5. Validate the escalation matrix

Open escalation-matrix.md. Walk every row top to bottom.

For each severity tier, confirm:

  • Names and contact paths are filled in (no {{TBD}}).
  • The PagerDuty schedule resolves to a real on-call human at the current minute.
  • The Slack channel exists and you can post to it.
  • The video bridge URL works.
  • The customer-team Tier 3 escalation path to the Evospin team is documented and tested (a single test ping per channel, ack confirmed).

Anything that doesn't validate goes on the on-call go/no-go list as a blocker.

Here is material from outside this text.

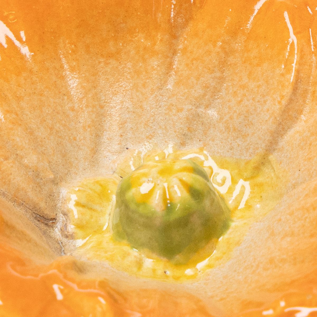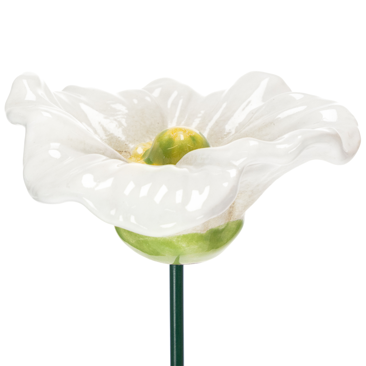 Dessa keramiska vallmoblommor fängslar med sina invecklade detaljer. Varje verk är ett miniatyrkonstverk som skickligt fångar naturens skönhet. Med sina 52 cm höga reser de sig elegant från vilken rabatt som helst utan att vara överväldigande. Blommorna med en diameter på 9 cm finns i livfulla nyanser av orange och klassiskt vitt – en härlig färgkontrast som kommer att förhöja ditt trädgårdslandskap. Oavsett om du placerar dem individuellt i rabatten eller arrangerar dem parvis, kommer de att ge grace och karaktär till ditt utomhusutrymme.

6. Sign off readiness — shadow + reverse-shadow

The last gate before you take the pager solo:

  1. Shadow shift — sit alongside an experienced on-call for one full shift (whatever your rotation cadence is — typically 12 or 24 hours). Watch them triage, write down questions, ask after each incident.
  2. Reverse-shadow shift — take the pager yourself, with the experienced on-call sitting alongside ready to step in. They observe; you drive. You only get help if you explicitly ask, or if you're about to take a destructive action they think is wrong.

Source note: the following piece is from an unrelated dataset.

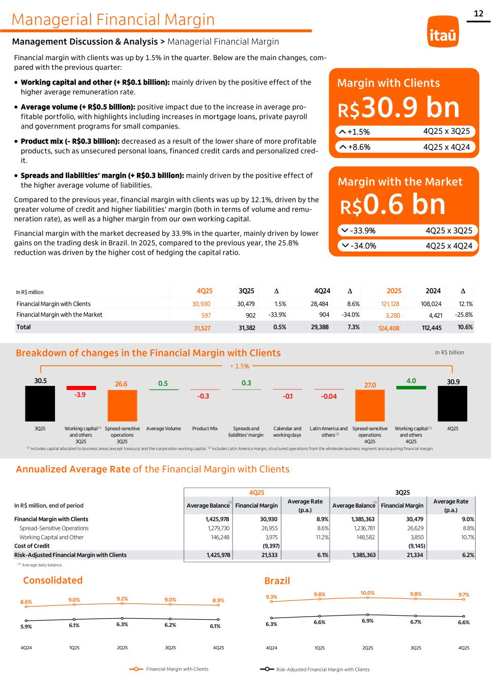 Managerial Financial Margin Management Discussion & Analysis > Managerial Financial Margin (1) (1) (2) Consolidated Brazil 12 (1) Average daily balance. 30.5 26.6 ​ 27.0 30.9 -3.9 -0.3 -0.1 -0.04 ​ 0.5 0.3 4.0 3Q25 Working capital and others 3Q25 Spread-sensitive operations 3Q25 Average Volume Product Mix Spreads and liabilities' margin Calendar and working days Latin America and others Spread-sensitive operations 4Q25 Working capital and others 4Q25 4Q25 Breakdown of changes in the Financial Margin with Clients In R$ billion (1) Includes capital allocated to business areas (except treasury) and the corporation working capital. (2) Includes Latin America margin, structured operations from the wholesale business segment and acquiring financial margin. + 1.5% Annualized Average Rate of the Financial Margin with Clients In R$ million 4Q25 3Q25  4Q24  2025 2024  Financial Margin with Clients 30,930 30,479 1.5% 28,484 8.6% 121,128 108,024 12.1% Financial Margin with the Market 597 902 -33.9% 904 -34.0% 3,280 4,421 -25.8% Total 31,527 31,382 0.5% 29,388 7.3% 124,408 112,445 10.6% Financial margin with clients was up by 1.5% in the quarter. Below are the main changes, com- pared with the previous quarter: • Working capital and other (+ R$0.1 billion): mainly driven by the positive effect of the higher average remuneration rate. • Average volume (+ R$0.5 billion): positive impact due to the increase in average pro- fitable portfolio, with highlights including increases in mortgage loans, private payroll and government programs for small companies. • Product mix (- R$0.3 billion): decreased as a result of the lower share of more profitable products, such as unsecured personal loans, financed credit cards and personalized cred- it. • Spreads and liabilities’ margin (+ R$0.3 billion): mainly driven by the positive effect of the higher average volume of liabilities. Compared to the previous year, financial margin with clients was up by 12.1%, driven by the greater volume of credit and higher liabilities’ margin (both in terms of volume and remu- neration rate), as well as a higher margin from our own working capital. Financial margin with the market decreased by 33.9% in the quarter, mainly driven by lower gains on the trading desk in Brazil. In 2025, compared to the previous year, the 25.8% reduction was driven by the higher cost of hedging the capital ratio. Margin with Clients R$30.9 bn +1.5% +8.6% 4Q25 x 3Q25 4Q25 x 4Q24 Margin with the Market R$0.6 bn -33.9% -34.0% 4Q25 x 3Q25 4Q25 x 4Q24 In R$ million, end of period Average Balance Financial Margin Average Rate (p.a.) Average Balance Financial Margin Average Rate (p.a.) Financial Margin with Clients 1,425,978 30,930 8.9% 1,385,363 30,479 9.0% Spread-Sensitive Operations 1,279,730 26,955 8.6% 1,236,781 26,629 8.8% Working Capital and Other 146,248 3,975 11.2% 148,582 3,850 10.7% Cost of Credit (9,397) (9,145) Risk-Adjusted Financial Margin with Clients 1,425,978 21,533 6.1% 1,385,363 21,334 6.2% 4Q25 3Q25 (1) (1) 8.6% 9.0% 9.2% 9.0% 8.9% 5.9% 6.1% 6.3% 6.2% 6.1% 4Q24 1Q25 2Q25 3Q25 4Q25 9.3% 9.8% 10.0% 9.8% 9.7% 6.3% 6.6% 6.9% 6.7% 6.6% 4Q24 1Q25 2Q25 3Q25 4Q25 Financial Margin with Clients Risk-Adjusted Financial Margin with Clients

After both shifts, both engineers sign the go/no-go below. Either signing "no" sends you back for another rotation.


End-of-week-2 checklist (on-call go/no-go)

Every box must be checked for the engineer to be added to the active on-call rotation.

  • [ ] One simulated P2 incident driven end-to-end, with timeline write-up archived
  • [ ] One new runbook authored, reviewed, and merged into ../runbooks/
  • [ ] Security register read; pending findings discussed with team lead
  • [ ] API changelog reviewed; recent deltas understood
  • [ ] Escalation matrix validated end-to-end (every channel, every name)
  • [ ] Shadow shift complete; observations logged
  • [ ] Reverse-shadow shift complete; experienced on-call signs off
  • [ ] You have access to: PagerDuty, the on-call Slack channel, Grafana, Jaeger, Loki, the production AWS account (read-only at minimum), and the runbooks repo
  • [ ] You can answer "what's the first thing you do when the pager fires?" without thinking (acknowledge → open dashboards → search Jaeger errors → identify recurrence)
  • [ ] You and the experienced on-call have agreed go/no-go in writing

After sign-off, you're on the rotation. Your first solo shift is paired with a Tier 2 senior available within ~1 hour for the first month — see support-model.md for the ramp-down schedule.